A Long Way To Go For A Rant


I wonder what kind of statistical analysis the cafeteria workers run on toaster casualties


Has there been another Toaster fatality?


In the most immediate sense, I'm not aware of any this week, but there have been plenty in recent memory.   So, you all remember the Famed Toaster of Hades, right?  Well, I ponder it every now and again, often when I'm waiting for a bagel to toast, waiting with anxious anticipation to see what will emerge.  See, the Toaster has claimed so many victims that it prompts various actions by the folks who run the Adorably Tiny Cafeteria Thing In My Building.  You certainly remember some of them.  There's the "Use Your Head When Toasting Bread" sign, the knob removal, the scotch-tape-a-piece-of-metal-over-the-missing-knobs ploy to restrict access to the controls, and (I'm assuming) a change in the PM frequency to reduce the crumb contamination levels.
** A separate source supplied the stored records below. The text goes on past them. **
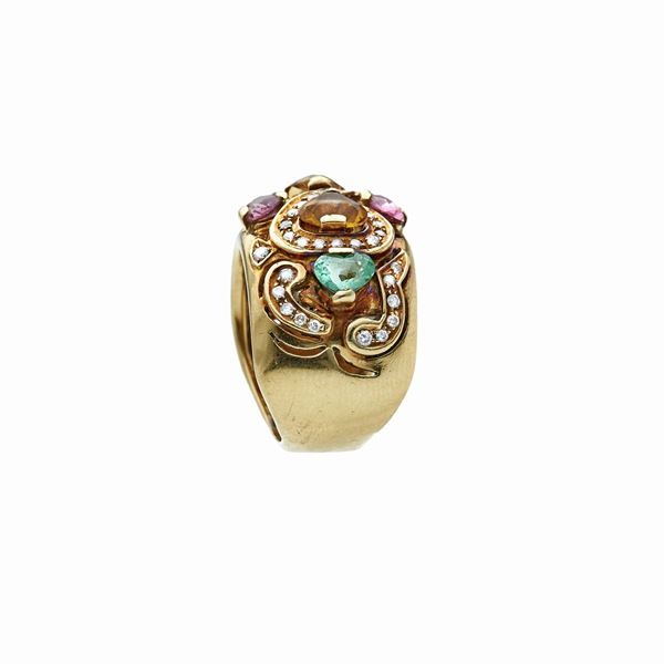 MATERIALE: oro giallo, diamanti, smeraldi, rubini e quarzi citrini DESCRIZIONE: anello a fascia leggermente bombata con al centro due quarzi citrini taglio goccia in una cornice intrecciata impreziosita con diamanti taglio brillante, ai lati rubini, smeraldi e brillanti, reca il marchio 750 MISURE: 16 PESO: gr 15,8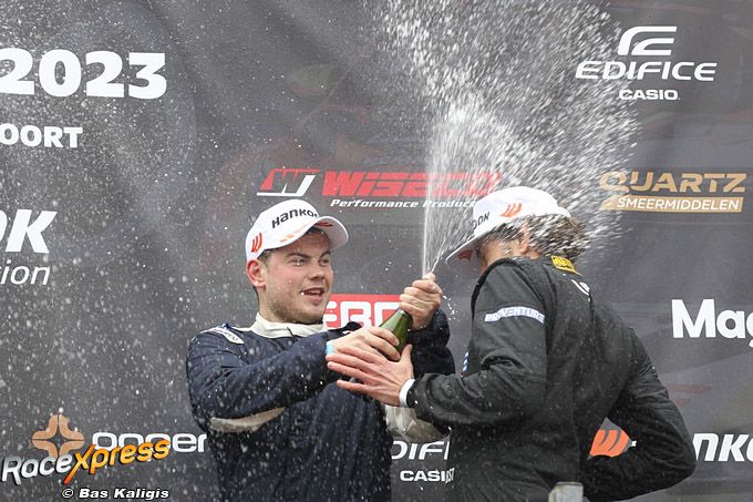 De eerste race op zaterdagmiddag ging Oscar van start en zou Mark tijdens de verplichte pitstop halverwege het stuur overnemen. Vianen ging goed van start, maar zakte wat terug. “Ik had door de koudere omstandigheden wat moeite om temperatuur in mijn banden te krijgen”, blikte de Woerdense autocoureur terug. Na een gedegen eerste stint met constante rondetijden nam Jobst het stuur over vanaf een zesde positie in de race. ”Ik moest een behoorlijk gat dichtrijden om weer te winnen”, knipoogt Jobst, die in 2021 en 2022 ook al de winst behaalde tijdens de openingsraces op zijn thuiscircuit.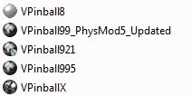 tengo, VP8, VPinball99, Vpinbal921, Vpinball995 y VPinballX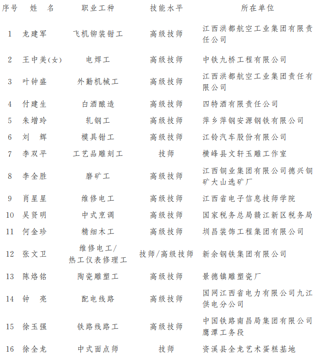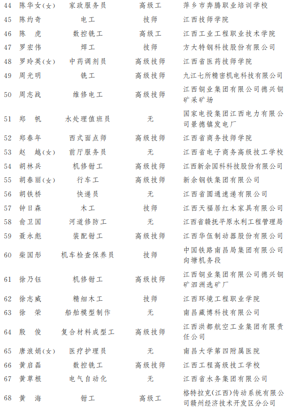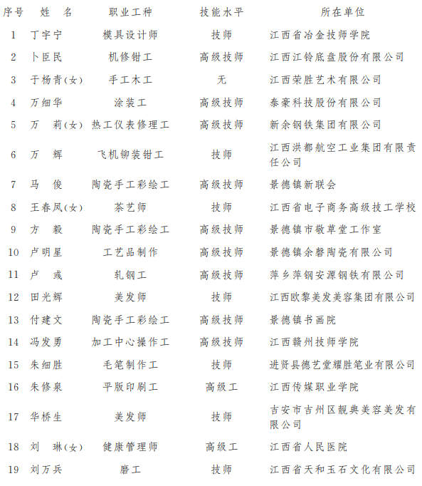 二、“江西省能工巧匠”(按笔画顺序排序,共80人)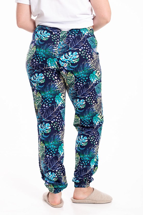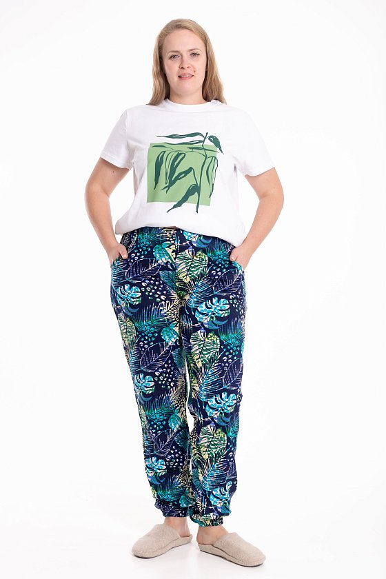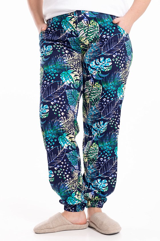Брюки выполнены из мягкой хлопковой ткани. Модель с удобным поясом и манжетами на резинке обеспечивает комфортную посадку и свободу движений. По бокам брюки дополнены карманами. Универсальный вариант для повседневной носки и отдыха.

As an aside, it seems like you're not the only one With These Types Of Problems


What concerns me is the success criteria of these various actions.  I'm an engineer...so everything I do has to have a problem statement, an action plan, owners, target dates, and success criteria.  For example, if tool availability is low, I implement a fix then track how the availability changes as a result of that action.  Sometimes, it seems like overkill (or over-management, but that's splitting hairs) but it gives people a single number by which to judge me...and that just makes sense.  I'm curious if the cafeteria workers are subject to the same scrutiny that I am.  I'm guessing not, but it's fun to think about.

Here's a small office and a computer with statistical analysis software installed.  One of the cashiers pores over a trend chart of toaster fires per week, tirelessly coming up with mean and sigma charts, determining the frequency of fires and creating a pareto of the points of cause.  Croissants are #1, followed by buttered items, flaky pastries, donuts, muffins, bagels etc.  The #1 root cause is determined to be people deciding to toast things that shouldn't be toasted, and that operator education is the corrective action.  The "Use Your Head When Toasting Bread" sign is born!  A couple weeks later, the entire process is recreated, and the incidents of croissants and buttered toast igniting into fiery orbs of death are reduced, and the cashier can present the improvement to management.  The frequency of product ignition is still higher than the purchase spec of the toaster, so the cashier is sent back to re-do all of the analysis and begin the process again.

I choose to believe this is why I end up standing in line at the empty cash register for a couple minutes every morning before one of the cashier comes out of the office to ring up my iced tea.